Energy Capital Partners, former owner of the 1,517-MW plant, did not offer it in capacity auctions for 2017/18 and 2018/19 after announcing the plant would close in 2017. Brayton Point was sold last year to Dynegy, which said it would close the plant as scheduled.

FERC previously rejected the union’s challenge to results of FCA 8 on similar grounds. FERC said a non-public investigation by its Office of Enforcement failed to uncover any evidence of wrongdoing.

“This conclusion remains valid for FCA 9,” FERC wrote.

The commission also reiterated its acceptance of the conclusion of ISO-NE’s Internal Market Monitor that no anti-competitive behavior existed before the auction.

FERC also rejected the union’s contention that the ISO-NE Tariff requires a determination that a unit is uneconomic before it is allowed to retire.

“The Tariff contains no provision requiring a resource to demonstrate that it is uneconomic before it is allowed to retire, and UWUA does not point to any such provision.

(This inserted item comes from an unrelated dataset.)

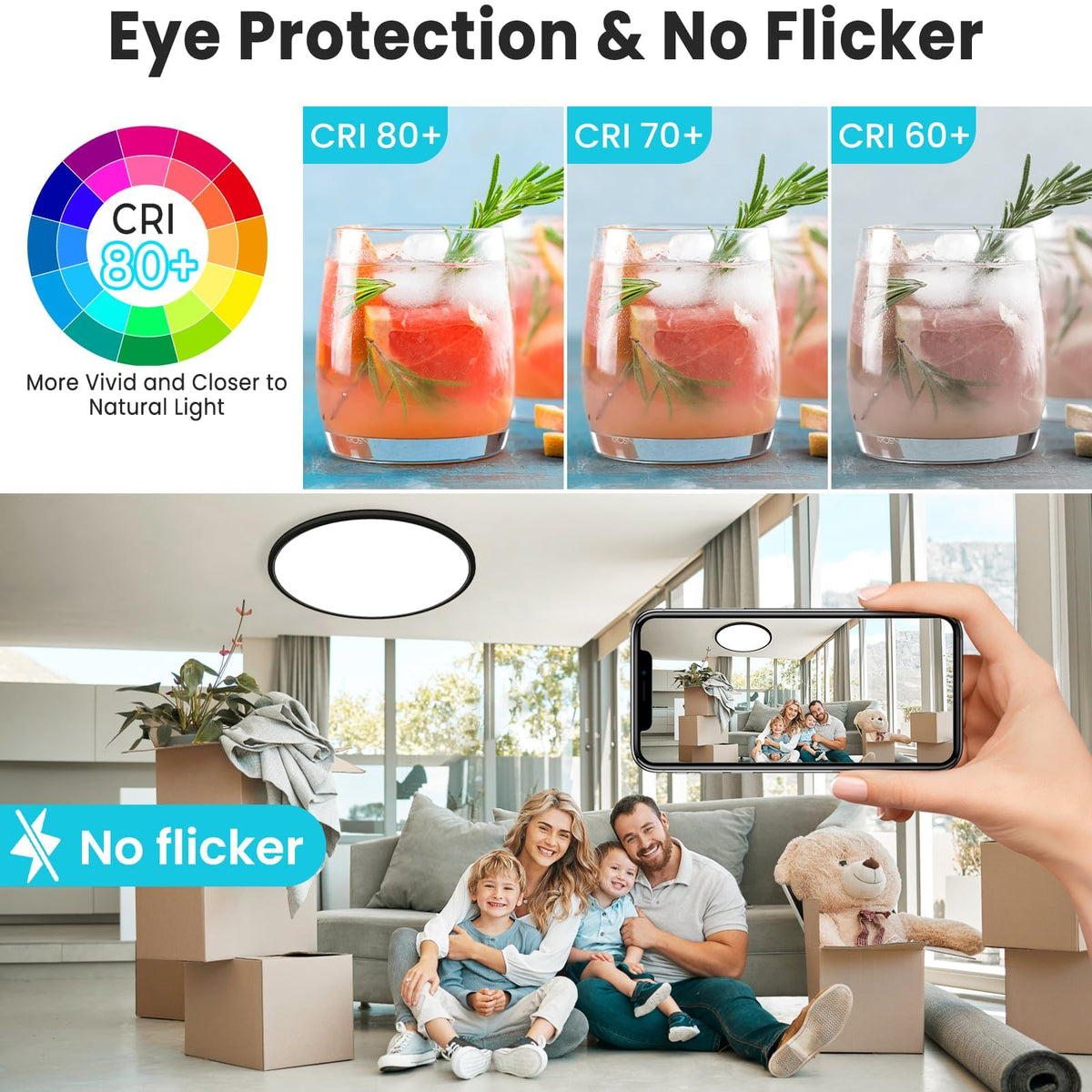 Libtit 16.5 Inch Large Black Flush Mount Ceiling Light, 4200Lm 36W Low Profile Led Ceiling Lights, Warm White/Daylight White/Coo

There is no test as to whether the unit can economically provide capacity, nor is there a mechanism by which ISO-NE can compel the resource to continue operating under any circumstances,” the commission wrote.

— William Opalka

FERC Accepts Order 1000 Compliance Filing

FERC has accepted NYISO’s fourth Order 1000 compliance filing, turning aside the protests of transmission developers that claimed it unfairly favored incumbent transmission owners (ER13-102-007).

LS Power and NextEra had protested the ISO’s right to terminate development agreements if a force majeure event prevents a non-incumbent developer from completing its project by the in-service date. (See Tx Developers Challenge NYISO, SPP, ISO-NE Order 1000 Filings.)

NYISO and the New York Transmission Owners submitted their fourth Order 1000 compliance filing in May. It included a pro forma development agreement for NYISO’s reliability transmission planning process.

“NYISO argues that it must have the option to terminate the development agreement and identify alternative means of satisfying an identified reliability need if a developer cannot complete its project by the required project in-service date,” FERC wrote on Dec. 23.

The commission cited a similar provision at PJM, ordering NYISO to add comparable language in its development agreements with incumbent transmission owners to prevent discrimination.

In a second order Dec. 23, FERC rejected a NYISO filing that the commission said was unfair to competitive transmission developers (ER15-2059).

FERC said the proposal “subject[s] nonincumbent transmission developers to an interconnection process with different requirements than the interconnection process that applies to incumbent transmission owners.” While all interconnection customers are required to obtain system impact and facility studies, the nonincumbents were required under the proposal to additionally submit a feasibility study and deposits for all three studies.

NYISO had argued the incumbent would have already conducted a feasibility study in its normal planning process, but FERC said that would create two different processes that are not comparable.

— William Opalka

FERC Orders Tech Conference on PJM FTR Rule Changes

By Rich Heidorn Jr.

FERC on Monday ordered a technical conference to sort out conflicting claims over PJM’s proposed rule changes to reduce underfunding of financial transmission rights.

PJM’s proposed changes, filed in October, were challenged by the Financial Marketers Coalition and others, who said they would be ineffective and discriminatory. The commission said the conference was needed to develop more evidence before it rules (EL16-6-001, ER16-121).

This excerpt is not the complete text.